Tuesday, July 9, 2013
92 - Why Do They Call You...AIEEEE
Terry sat in the pilot's chair, staring at the screen, his chin propped on his hand with one finger pointing up past his ear. He tried hard not to sulk. Sulking was uncouth. The fact that the 'rescued' spy from the other land, Eshmaeel, didn't trust him and had only told the machine which direction his home was... AND the fact that that machine hadn't seen fit to tell him anything about it, had effectively poked holes in any kind of self importance he may have started with.
"I'm a Tech Second Class,” he muttered, watching the tunnel melt away in front of Mom. “I worked on the moon, had intergalactic friends, even code of my very own hooked into the galactic hub that Prime doesn't know anything about.” He shifted over to his other side, resolutely keeping his back to Eshmaeel, who sat cross-legged in the bunk, clutching the briefcase full of dangerous information to his chest. “It was my brother who set all this up to get these two ungrateful boys home and me out of danger.”

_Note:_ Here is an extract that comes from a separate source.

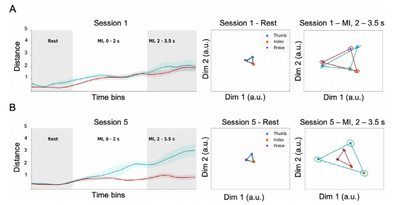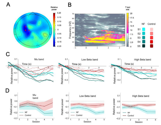 研究發現,有信息反饋的TMS-NF訓練,能夠使參與者有選擇地激活一個手指的皮層運動興奮性,同時抑制同一只手其他手指的興奮性,這是單獨使用MI訓練無法完成的。腦電圖的測量結果表明,采用運動想象的方式針對性地實現某個手指的興奮,將會伴隨著大腦感覺運動節律強烈的去同步化,尤其是在β頻段。此外,與未提供神經反饋的對照組相比,有信息反饋的TMS-NF組促進了更具有區分度的單個手指的腦電激活模式產生。
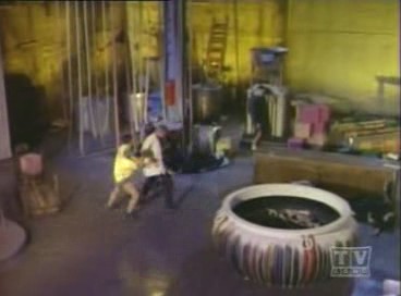 Meanwhile, Robin has reached the middle of The Catwoman's maze, where he encounters Policewoman Mooney. Batman locates Catwoman's lair at Catacombs Condominium, Subterranean Suite 6 and informs her of her betrayal by Sandman. An incensed Catwoman leads Batman to her maze, from which he emerges in no time with Robin and the missing policewoman. As Chief O'Hara and his men apprehend Catwoman, The Dynamic Duo drive The Batmobile to the secluded Batmarina, where they defect to The Batboat and speed for Pauline's island. As Pauline shows Sandman around her now abandoned noodle factory, Batman and Robin appear and engage Sandman, Snooze and Nap with a fierce fisticuffs, ending with Sandman plummeting into a noodle vat! The Duo soon discover to their surprise that J. Pauline Spaghetti, a seven-year-long insomniac, has finally fallen sound asleep on her own 2 feet! Later, at Wayne Manor, Aunt Harriet shows Alfred, Bruce and Dick her plans to make a shrubbery in the form of a maze.

Mom clicked as if she had just been activated by an address of his. “So it was. Your brother Gerald as the owner of this vehicle, accepts all liability, should this unauthorized usage ever be disclosed or discovered at all."

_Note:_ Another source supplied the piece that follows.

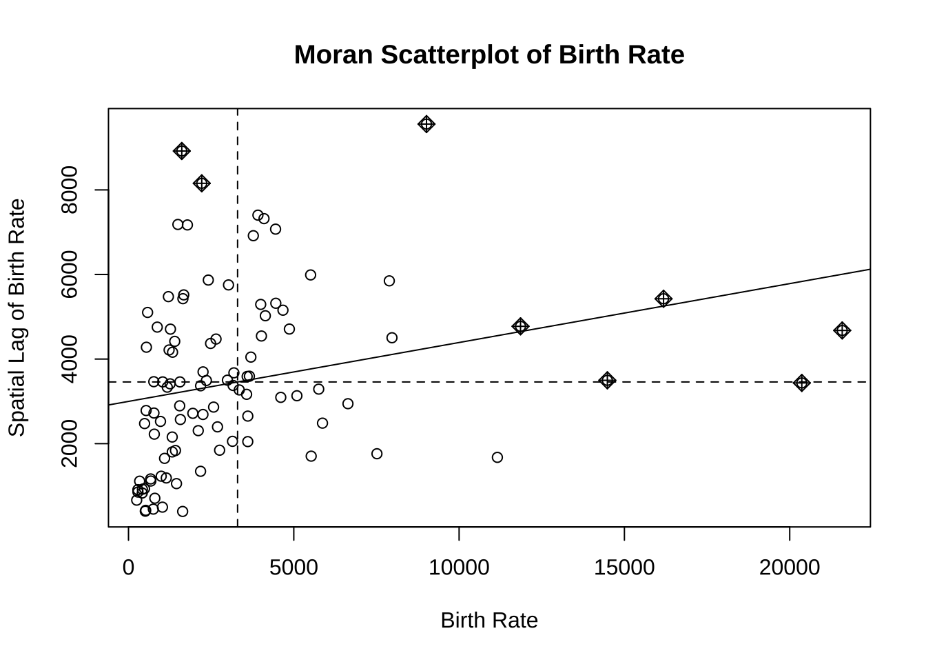 +1 表示完全聚集(正相关,高-高/低-低)

"You two have just taken over our great escape and left me to trail along like the comic relief in a radio drama.”
"Terence.” The machine actually paused. “Such attitude is unseemly and inappropriate. You cannot be the entertainment hero who comes in with cape flaring and blasters blazing to save the day. It is your lives that you are talking about, not face or status.”
He straightened, about to verbally excoriate the machine for presuming to lecture him... and in Gerald's terms no less! He must have programmed the damn thing. Then what it had said sank in and he subsided. “Cape flaring? I'll have you know that capes are both foolish and dangerous, even in the animated worlds.”
There was a static-like buzz for a fraction of a second. “Very astute, Terry.”
"Did Gerald program you?” Another pause, long enough for the human to wonder if the program had crashed.
“He did... but he came down all the time to talk to me.”
Terry stared at the console as if he would stare into an opponent's eyes. “He talked to you?”
"For hours sometimes, when he couldn't sleep.” Terry had the image of his brother, riding over foggy meadows on his quisling horse, to the one entity who would, or could listen to him as he unburdened his heart. His wife... was a good Xanadu woman who would have just fainted at the idea her husband would have problems, much less worries or heartaches. I want friends I can talk to, he thought. Not just a warm sex object for my bedroom that happened to produce children. But I'm not attracted to anyone my own sex. It was the first time he'd truly felt how lonely he was, understood how lonely Gerald must be. He'd begun the process on the moon, but it hadn't truly sunk in until now. He cleared his throat, that had somehow gotten full of phlegm. "How long till our breakout?”
"Fifteen minutes.”
"Thank you, Mom.
"You are welcome, Terry.” They emerged in a jumble of rocks on the edge of the terraforming. Smooth green fields ran straight into razor sharp tsingy that had not yet been broken down to be infected with Terran biomass and safely covered up. "I suggest that you hold the controller as we begin your transportation at speed,” Mom said. “That way you will learn how to drive this vehicle faster, without my assistance.”
“Assistance.” His tone was sour. The vehicle had no external lights, not even running lights and was still moving forward at the same steady speed as a robotic horse. He picked up the controller and found that the haptics let him feel what the vehicle was doing as it kept the cabin rock steady while the rest of it scrambled and squeezed and clambered through the tsingy.
“Of course, Terry. You are the pilot.” In the moonlight outside, enhanced by the windscreen, he could see that the tsingy on the edges just got worse and worse. There were no places for a road. There were no places for a machine this big to squeeze through.
There was only spines and spines and spines of vertical rock stretching as far as he could see. The machine spiralled up to the top of one like a silverfish on a wall and paused. “It looks impossible,” he said quietly. “Can you get us out?”
“Yes. I am retracting my sand-crawler legs.” Mom showed him the front two legs that looked rather like shovels with toes, pulling up under her windscreen. “Cabin medical restraints at full.”
A squawk came from the bunks as Eshmaeel found himself safely lying down. The controller in Terry's hand quivered and then was quiet. “All right, if you say you can get us through.” His hand tilted forward as he said “You've been very smooth... why in Prime's name do people call you a sand-flEEE EEEE EEEE EE!”